The second step of CASi is to identify any novel cell type that have emerged over time. When data of interest is collected from tumor samples, it is highly possible that the tumor cells will differentiate and new cell types (e.g., a distinct subclone of tumor cells) might appear. Assuming the cells of $t_1$ and $t_2$ data are a mixture of known and unknown cell types, we have designed a computational pipeline to distinguish these new cell types from existing cell types. The pipeline starts with a feature selection procedure to select a smaller set of informative features, followed with a dimension reduction procedure to better extract information from these features. Many previous works use large correlation as a criterion to identify the same cell type, such as scmap⁴, CHETAH⁵, NeuCA¹⁴, SingleR¹⁵, etc.
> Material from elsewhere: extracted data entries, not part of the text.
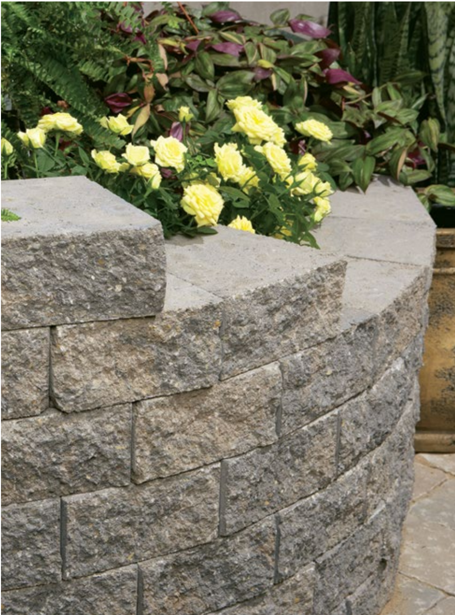
Wall: Modeco One, Chartan
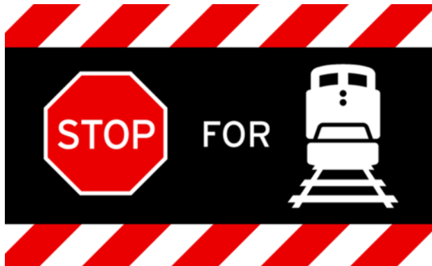
Figure 2. Train Warning Graphic Message
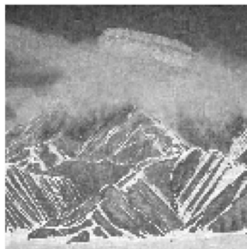
The cleaned version of the initial image
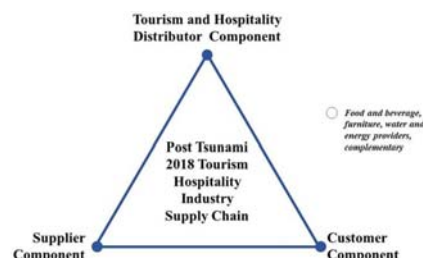
Figure 2. The Post Tsunami 2018 Tourism Hospitality Industry Supply Chain in Pandeglang

As mentioned before, tourism has a huge impact in the world and it is currently no different in Pandeglang, where coastal tourism is considered as a growing economic tool with great potential [31]. To support the recovery from the impact of the tsunami on the hospitality industry, it is important to understand the relationship between each component in the hospitality network in Pandeglang. This meant that having a proper supply chain within the tourism industry of Pandeglang is a very important aspect and an aspect that is being worked upon by many different organizations such as PHRI Pandeglang, HPI Pandeglang, Association of The Indonesian Tours and Travel Agencies (ASITA) Pandeglang, and many other different organizations while also being backed by the government. The following provides results hospitality supply chain as drawn in figure 2.
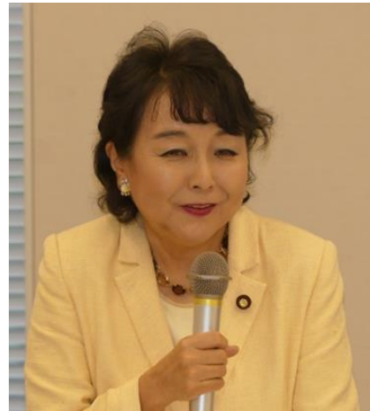
Ms. Kuniko Inoguchi, Member of the House of Councillors
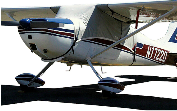
Over-the-Top Canopy Cover

This cover type is made from Silver Acrylic Sunbrella canvas and is 100% lined with a soft and smooth microfiber. Bruce's Custom Covers developed this material combination especially for aircraft protection. The outer material is medium weight and treated for water resistance, UV resistance and anti-static buildup. The inner lining is a very soft and smooth microfiber to prevent scratching. The material is very reflective, and tests show that the cabin interior temperature can be reduced to near-ambient temperature on the hottest of days. It is water, ice and snow repellent, yet breathable to allow moisture to escape from between the cover and the aircraft surface.
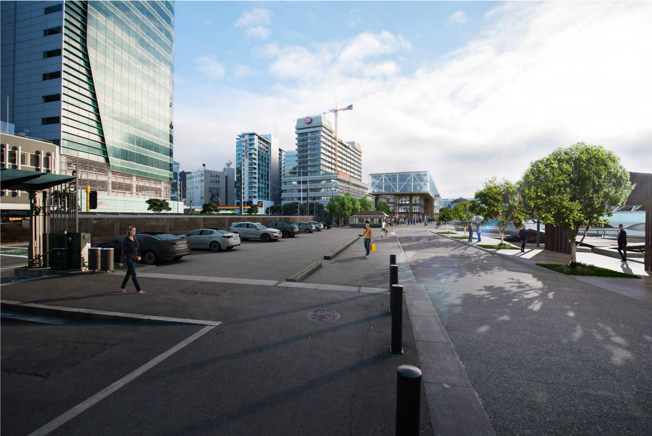
Artist Impression of Proposed Design
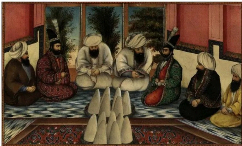
Figure 5: a) Sending a Messenger to the King (Night 108, Vol. 1, fol. 147b); b) The wedding Vow Between Princess Dunya and Taj al-Muluk (Night, 136, Vol. 1, fol. 179a). From the tale of "Taj al-Muluk and Dunya". One Thousand and One Nights , under the supervision of Sani' al-Mulk, watercolor, 15 x 7.5 cm (approximately), Tehran, 1859.
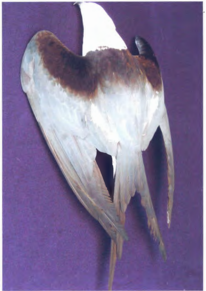
SWALLOW-TAILED KITE 168-01-2005 OTOBARO Creek. LANCASTER, CO 3/13/2005
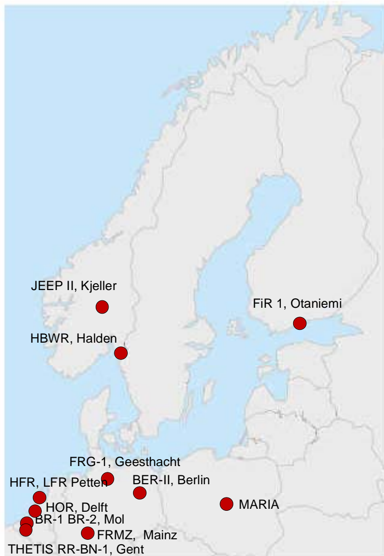
FIG. 3. Research reactors in Scandinavia and the northern European Union.

FiR 1 has an important regional role in producing short lived isotopes as well as in education and training as there are only a few research reactors in Scandinavia and the Northern Europe (EU) suitable for these tasks (see figure 3.). The production of isotopes for industrial measurements has been growing steadily in the recent years.
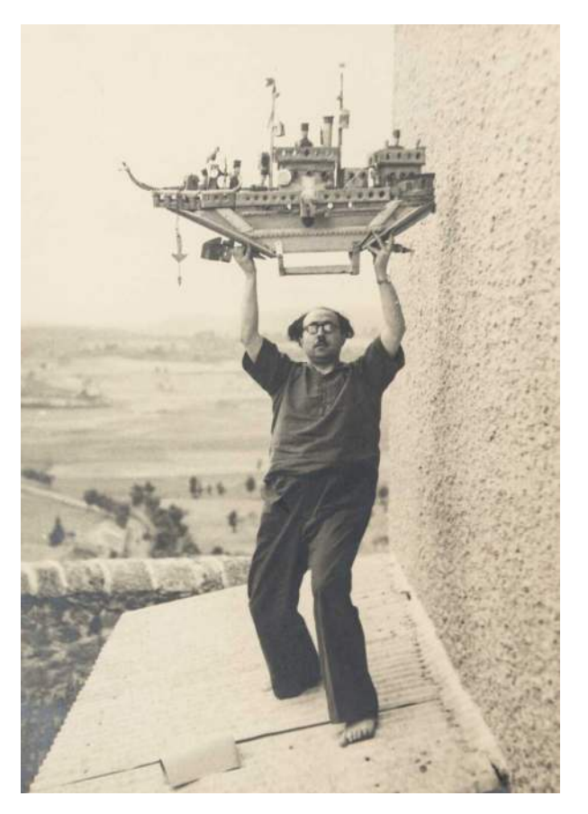
François Tosquelles in a children's park at Bonnafe Garden in Saint-Alban Hospital

The American Folk Art Museum is partnering with Museum of the Moving Image (MoMI) to present Radical Institutions and Experimental Psychiatry: The Legacy of Francesc Tosquelles on Film , coorganized in conjunction with the exhibition "Francesc Tosquelles: Avant-Garde Psychiatry and the Birth of Art Brut".
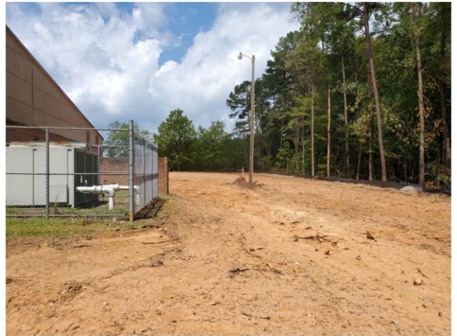
Tree clearing alongside Auditorium
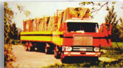
Truck used for smuggling Bibles

In the 1970s and 80s OM smuggled Bibles and Christian literature into the Soviet Union, of which Moldova was a part. The communist regime suppressed the Christian faith, but an OM team based in Vienna used specially adapted trucks to bring Bibles into the country in secret.
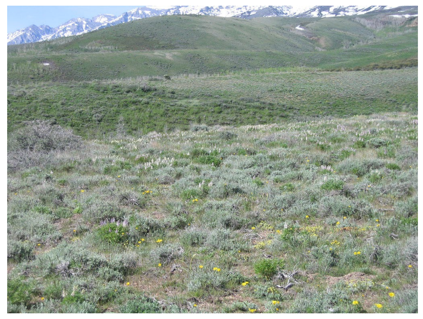
Figure 1. Pale agoseris in flower growing with sagebrush.
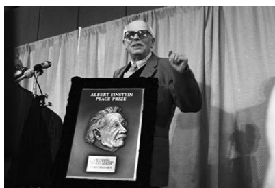
Andrei Dmitriyevich Sakharov, elected 1969, FHM.
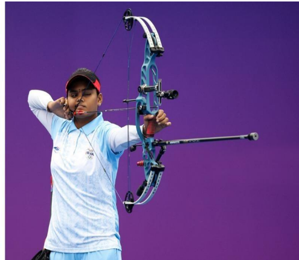
Miss. Jyothi Surekha, Archery, Secured 3 Gold Medals in Asian Games (2023), Arjuna Awardee
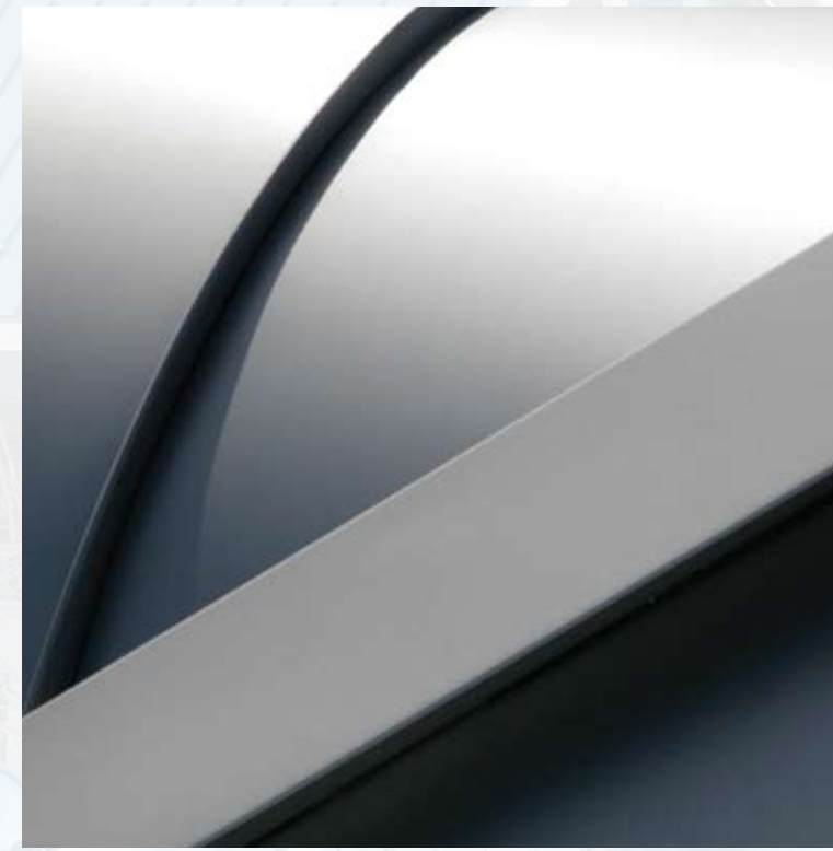
Curved Systems Mechanically Seamed
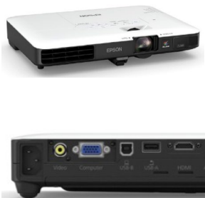
(1) Epson Projector $100
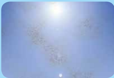
2. Daylight triggers the Pilkington Activ™ coating.
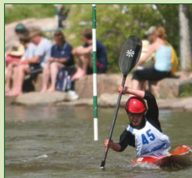
Kayak Games at Clear Creek Whitewater Park.
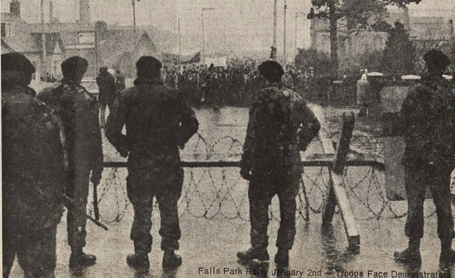
Falls Park Road, January 2nd - Troops Face Demonstration

The current issue contains articles on:- * Black Nationalism * Chile * World Currency Crisis Write for Subscription or Sample Copy (18p inc. postage) to: 375, Cambridge Heath Road, London E2 9RA
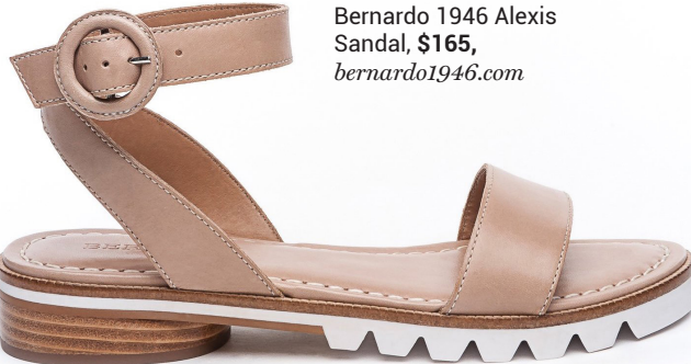
Bernardo 1946 Alexis Sandal, $165, bernardo1946.com
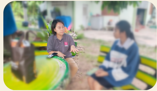
AAT follows up with a program beneficiary to provide educational support.
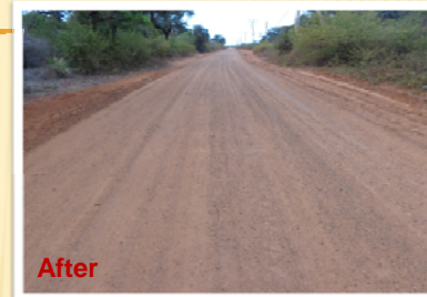
05. Rose Road 0.00-3.22 (3.22 km)
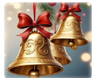
Paul Harvey's Christmas Story: The Man and the Birds, by Paul Harvey, ABC Radio Dec. 24, 2004.

At that moment the church bells began to ring. The sound reached his ears above the sounds of the wind. And he stood there listening to the bells - Adeste Fidelis - listening to the bells pealing the glad tidings of Christmas. And he sank to his knees in the snow.
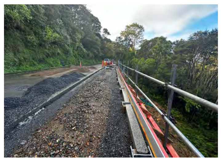
Retaining wall constructed at Titiangi end of Scenic Drive.

Site RPo.75 ( 750m from Roundabout ) – The new retaining wall is now built, and they are backfilling behind the new wall.
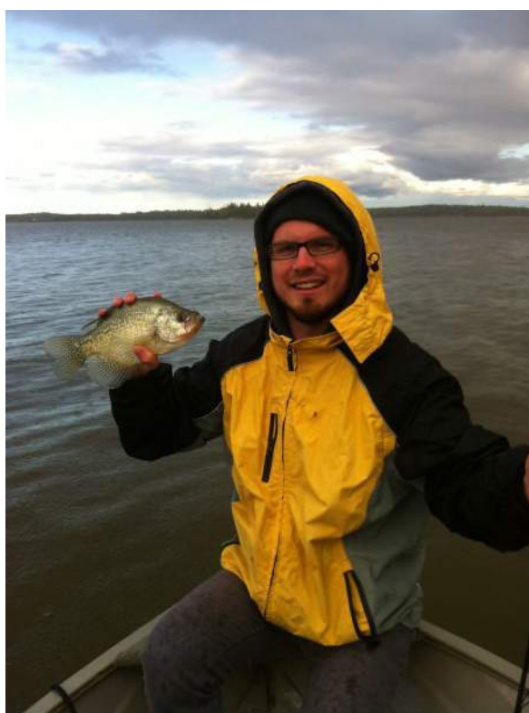
Figure 3.10 Black Crappie
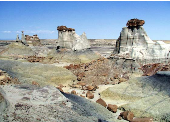
Wind carved rock towers in northern New Mexico's Bisti Badlands

BLM signed an approved Resource Management Plan for BLM's Las Cienegas National Conservation Area on July 25, 2003. The Approved RMP and Record of Decision sets in place land use decisions and management actions for the 42,000-acre area, designated by Congress in December of 2000, and also sets management goals for the larger Sonoita Valley Acquisition Planning District (SVAPD), which encompasses the
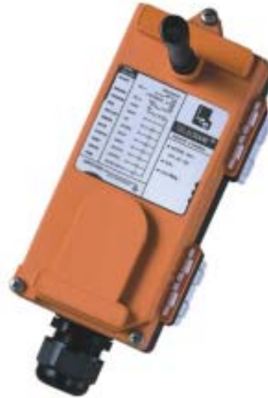
(2)Receiver, one unit.
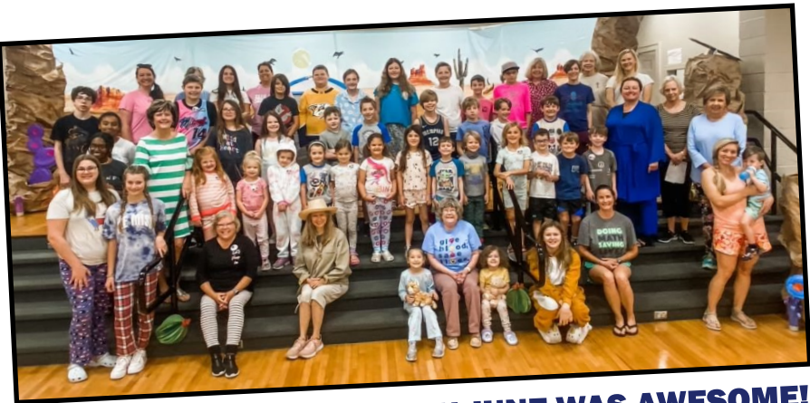
OUR “MONUMENTAL” VBS IN JUNE WAS AWESOME!
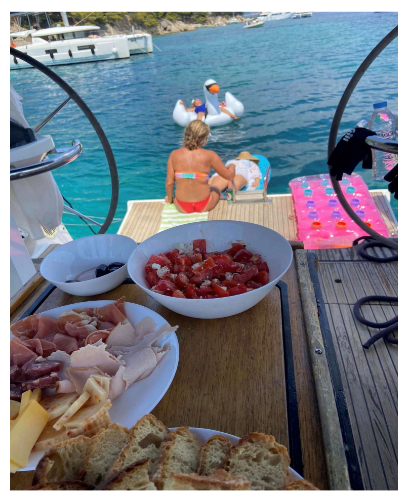
Please note that itineraries are subject to change due weather conditions or other circumstances beyond our control

Monohull: $2,095 per person, double occupancy Catamaran: $2,250 per person, double occupancy
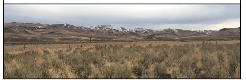
Figure 1. Image of Soda location in fall 2020 provided by Andrii Zaiats.

Biologists require multi-spectral data to monitor changes in 3D scale. Remote sensing technologies allow accurate monitoring and provide extensive data for models used in restoration outlooks.
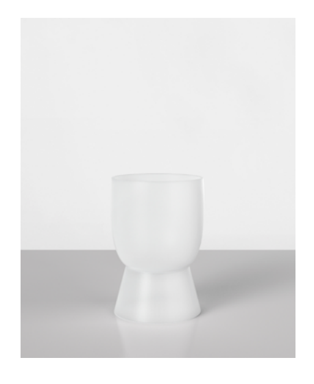
PIGALLE V1 — glass HxWxL 11.7x8.5 Ø cm 4.6x3.2 Ø " PG1_GL
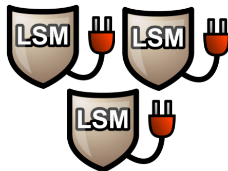
Tofino Loadable Security Modules (LSMs)

Customize the security functions in each zone
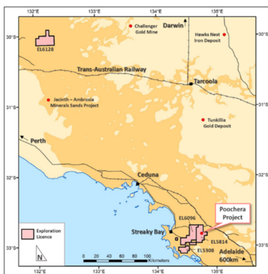
Figure 3 Project location plan

The Halloysite-Kaolin Project covers two main geographic areas of interest, both situated in the western province of South Australia (Figure 3). The main area of focus, the Poochera Halloysite-Kaolin Project on the Eyre Peninsula comprises three tenements and is located approximately 635kms west by road from Adelaide and 130kms east from Ceduna (Figure 4). The port of Thevenard at Ceduna offers export facilities appropriate for likely future production.
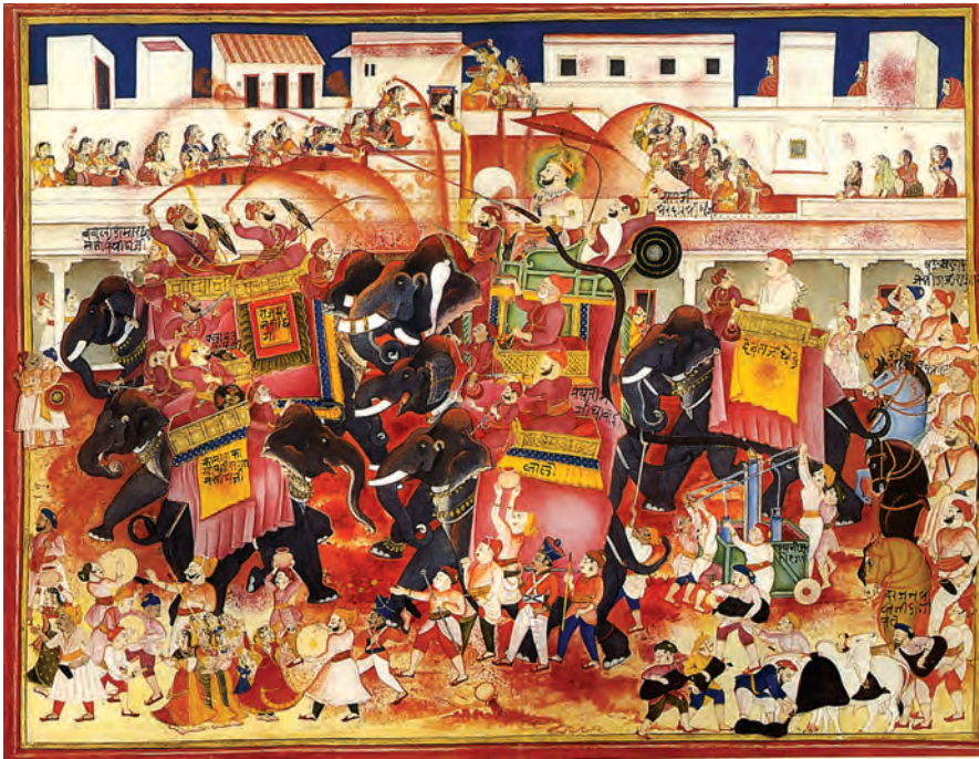
Fig. 8 Maharana Ram Singh II playing holi. Rajput miniature, Kota.

Pradesh. By the late seventeenth century this region had developed a bold and intense style of miniature painting called Basohli. The most popular text to be painted here was Bhanudatta's Rasamanjari . Nadir Shah's invasion and the conquest of Delhi in 1739 resulted in the migration of Mughal artists to the hills to escape the uncertainties of the plains. Here
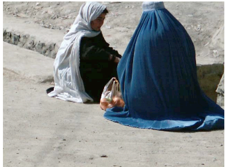
An Afghan woman sits with a young female on the side of a street. Most women must remain covered in the burqa.
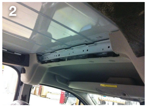
Using a knife, trim the headliner along the lower trim line between the inside edges of the outermost ceiling ribs.
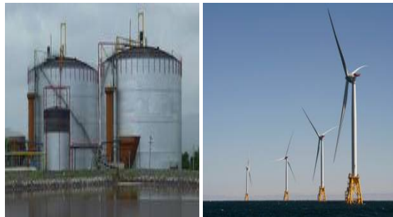
Fig.4. Biogas plant and Wind farm

These are the major obstacles faced during the installation and in the operating conditions of the biogas producer i.e. the digester and the offshore wind farms.
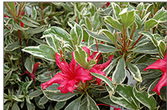
Girard's Variegated Gem Azalea flowers

Here we use the two-sample t-test to compare the correlations between features in known cell types and features in unknown cell types, and thus we are able to identify novel cells. Intuitively, after using the neural network to assign cell types for $t_1$ and $t_2$ data, if the cells actually belong to a new, unknown cell type, the levels of similarity with the known cell types will be lower than all of the other cells. Additionally, it should be noted that, CASi allows for the detection of multiple novel cell types. We achieve this by providing users with both the cluster-labeled UMAP (Uniform Manifold Approximation and Projection) plot and the correlation-labeled UMAP plot, which visually, directly reveals the possibility of multiple novel cell types when the UMAP plots indicate different levels of correlation.

The final step of CASi is to perform differential analysis tailored to multi-timepoint scRNA-seq data. We combine a generalized linear model with iterative feature selection to select genes that have apparent increasing/decreasing behavior over time and genes that behave differently along time in different groups.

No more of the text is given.